His humor draws us close to him.

How could we ever relate to a stern, humorless patrician-God who never jokes around?

But a funny God who tells his man Abraham to name his soon-to-be-born son, Isaac, or in Hebrew, Yit-zhak — because that Hebrew word means laughed, that we can relate to.

Laughter — it is divine, it is so good for us.

Poking fun, is a way of dealing with brokenness, normalizing difficulty, a way of coping.

What are you upset about? Try laughing at it.

The Bible says a merry heart is good like a medicine. Humor is the antidote of life. It is God’s survival medicine.

Ever wonder what heaven will be like? The disciples wanted to sit by Jesus, at his right hand. That would scare the heck out of me. What would I say? What if Iused the wrong fork, or language, at dinner.
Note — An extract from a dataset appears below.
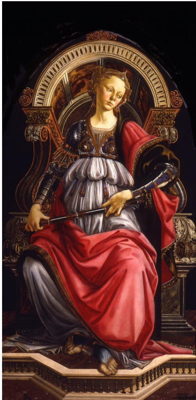
5. kép: Botticelli: Erősség allegóriája, 1470, táblakép, Firenze, Uffizi Képtár (Ltsz.:1890 n. 1606)

Az esztergomi erényeket, a legújabb művészettörténeti kutatás szerint, kétségtelenül a jeles reneszánsz festő, Botticelli festette (4. kép). S immár az is egyértelmű, hogy az Európában nagy tekintélynek örvendő Johannes Vitéz érsek hírneve révén gyorsan eljutott Firenzébe is az esztergomi humanista Studiolo pompás festészeti díszítésének a híre (4/a. kép). S ennek alapján rendelte meg Lorenzo Medici megbízottja, Tommaso Soderini a város főterén álló Mercanzia, a kereskedők céhének székháza díszterme számára az Erősség erényének allegóriáját (5. kép) az 1470-ben, többéves távollét után Firenzébe hazaérkező fiatal Sandro Mariano festőtől, akit a ragadványneven Botticelli -nek neveztek. Ezt az Uffizi képtár kiállításán látható táblaképet tartja a Botticelli szakirodalom a művész első biztos művének, tehát joggal állíthatjuk, hogy Botticelli művészi karrierje hazánkból, a Mátyás király-kori Magyar Királyságból, pontosan Esztergomból indult el a világhírnév felé. 2

Besides, sitting around the throne, listening to harp music, I prefer electric guitars. I think Jesus might too.

In heaven I think, I’ll be down at the river with the other people who barely got in, partying and telling jokes and laughing hilariously and whooping it up.

And perhaps the serious ones, around the throne, will cast an envious eye toward us, that wild bunch, down at the river and want to come down.

It is a great mystery. It is a great mystery of the OT.

We live within the mystery of a God who laughs and sings and hoots and hollers over us, and when we too laugh, this brings us closer to God.